What is being asked: Everything from the line with "Merrick B. Garland." to the end of the data below, both lines included, should be transcribed exactly; please omit the pictures.

*** Dataset entries ***

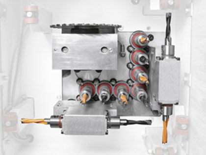 Para una mayor versatilidad de la máquina, es posible dotar los portabrocas con varias tipologías de cabezales opcionales capaces de realizar prácticas bisagras
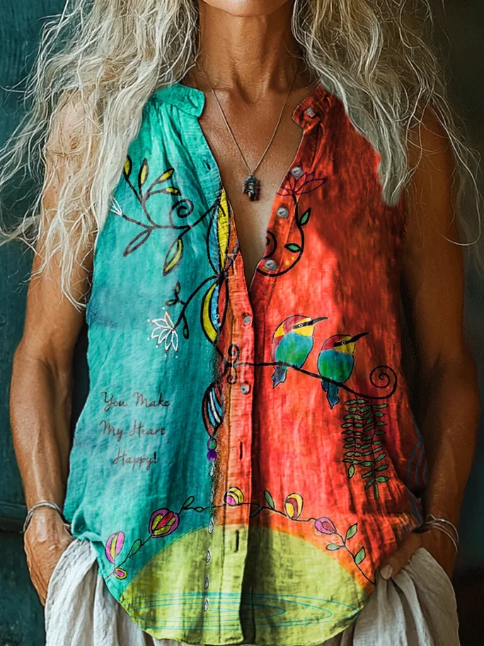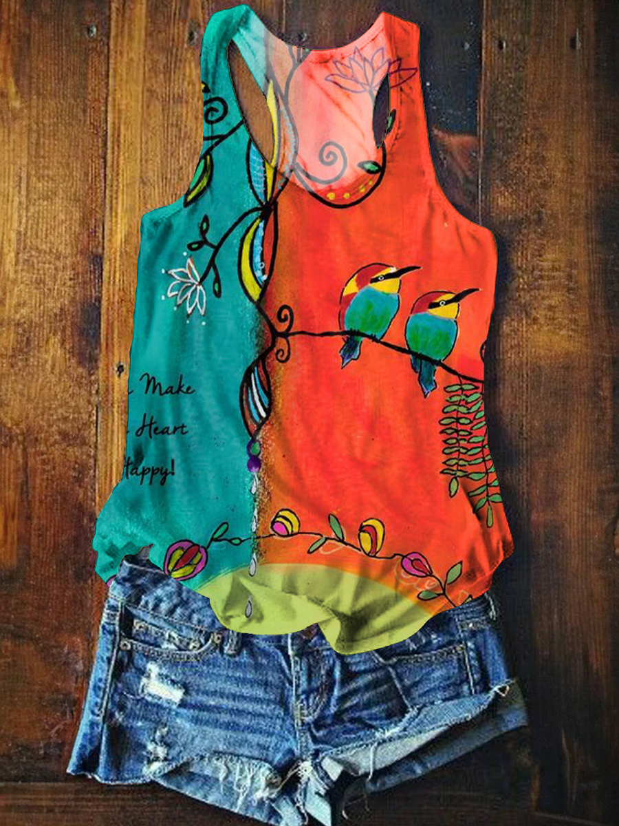 Women's Vintage Floral Bird Art Print V-neck Casual T-Shirt
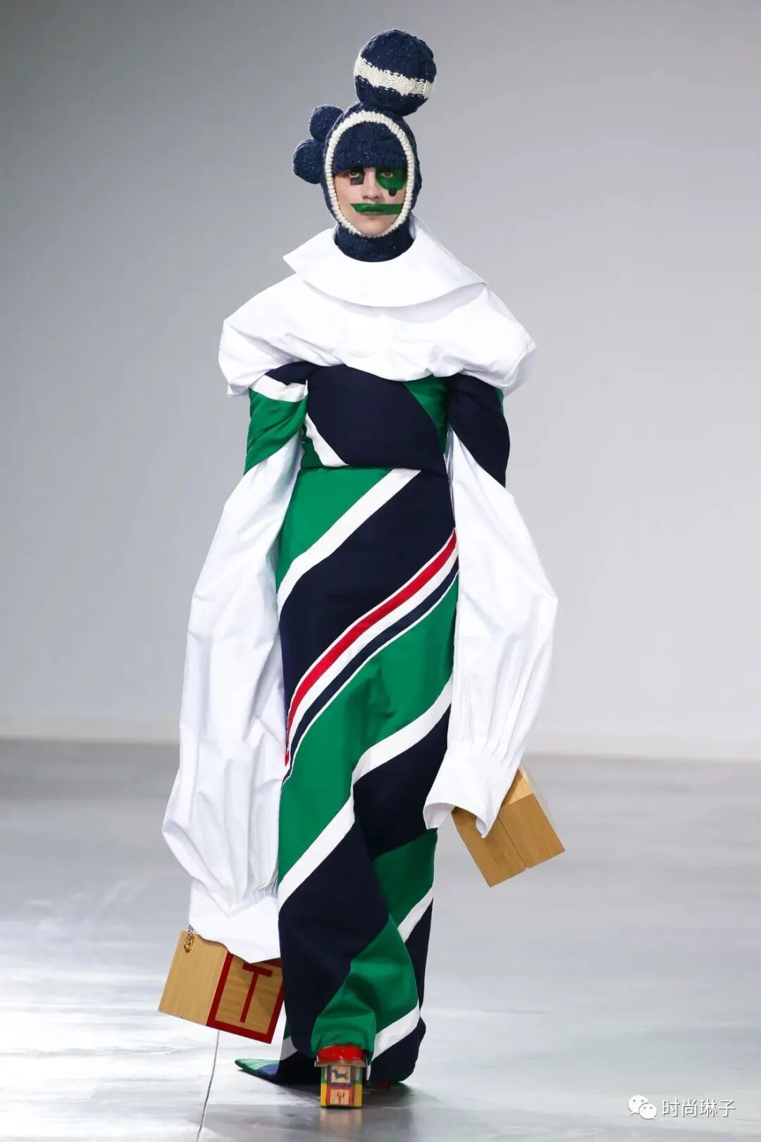 一部分是品牌标志性剪裁的“现实”版本,学院风的格纹外套搭配百褶裙或裤装,极富童趣的头部造型和积木厚底鞋,既顽皮又严肃。
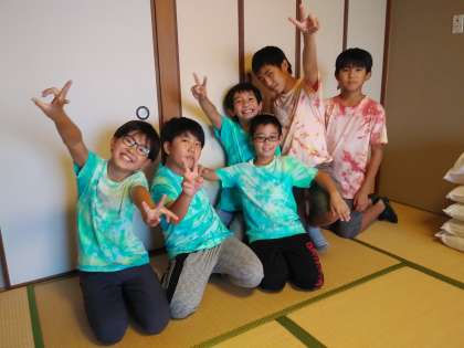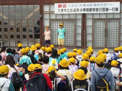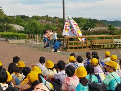 無事、県民の浜「輝きの館」に到着しました。瀬戸内海の穏やかな空気に包まれて、とてもいいところです。歓迎の横断幕とスタッフの方に迎えられて、入館式を行いました。学年の旗も作って掲揚しました。一泊二日、みんなと過ごすのが楽しみです。
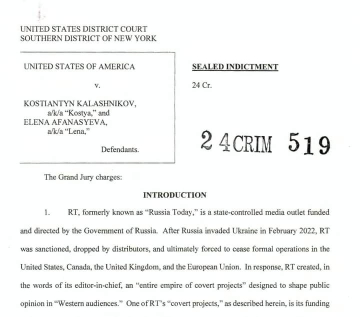 “Ministarstvo pravosuđa optužilo je dvoje zaposlenika RT-a, medijske kuće pod ruskom državnom kontrolom, u shemi vrijednoj 10 milijuna dolara za stvaranje i distribuciju sadržaja američkoj publici sa skrivenim porukama ruske vlade.” – rekao je državni odvjetnik Merrick B. Garland.
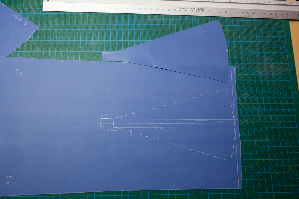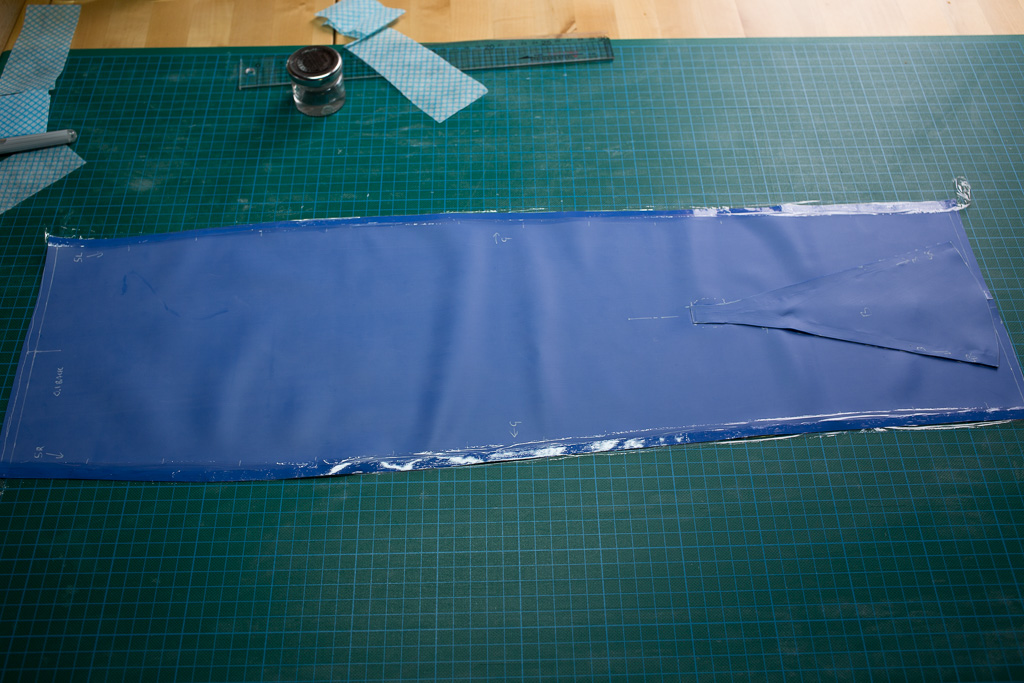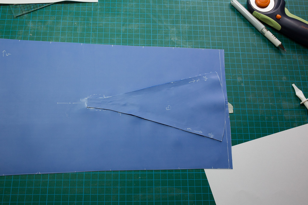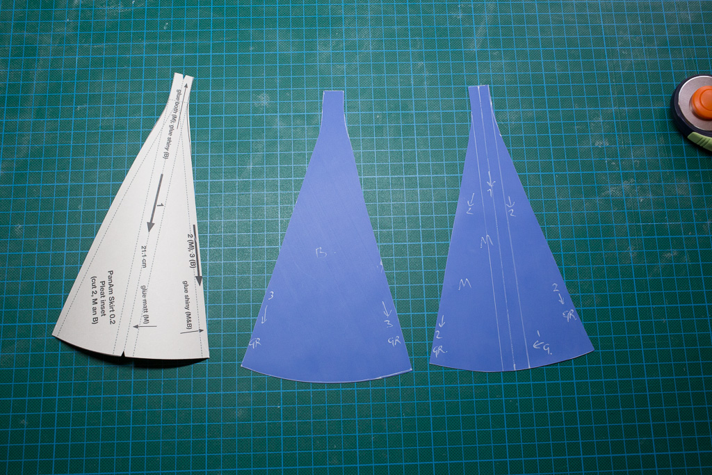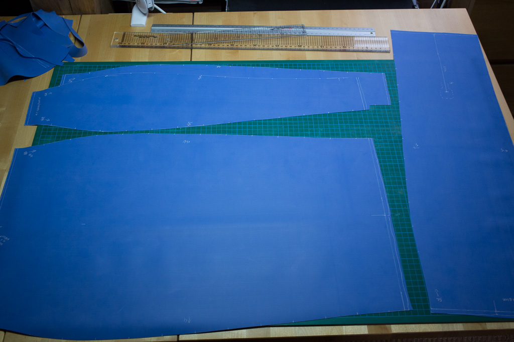 This skirt pattern is basically the same pattern that I created before, but with a self folding kick pleat at the rear. This means that the skirt retains its straight shape as if it had no slit, but does allow the wearer some movement.

*** End of Dataset entries ***

Reply to the task:
 “Ministarstvo pravosuđa optužilo je dvoje zaposlenika RT-a, medijske kuće pod ruskom državnom kontrolom, u shemi vrijednoj 10 milijuna dolara za stvaranje i distribuciju sadržaja američkoj publici sa skrivenim porukama ruske vlade.” – rekao je državni odvjetnik Merrick B. Garland.
 This skirt pattern is basically the same pattern that I created before, but with a self folding kick pleat at the rear. This means that the skirt retains its straight shape as if it had no slit, but does allow the wearer some movement.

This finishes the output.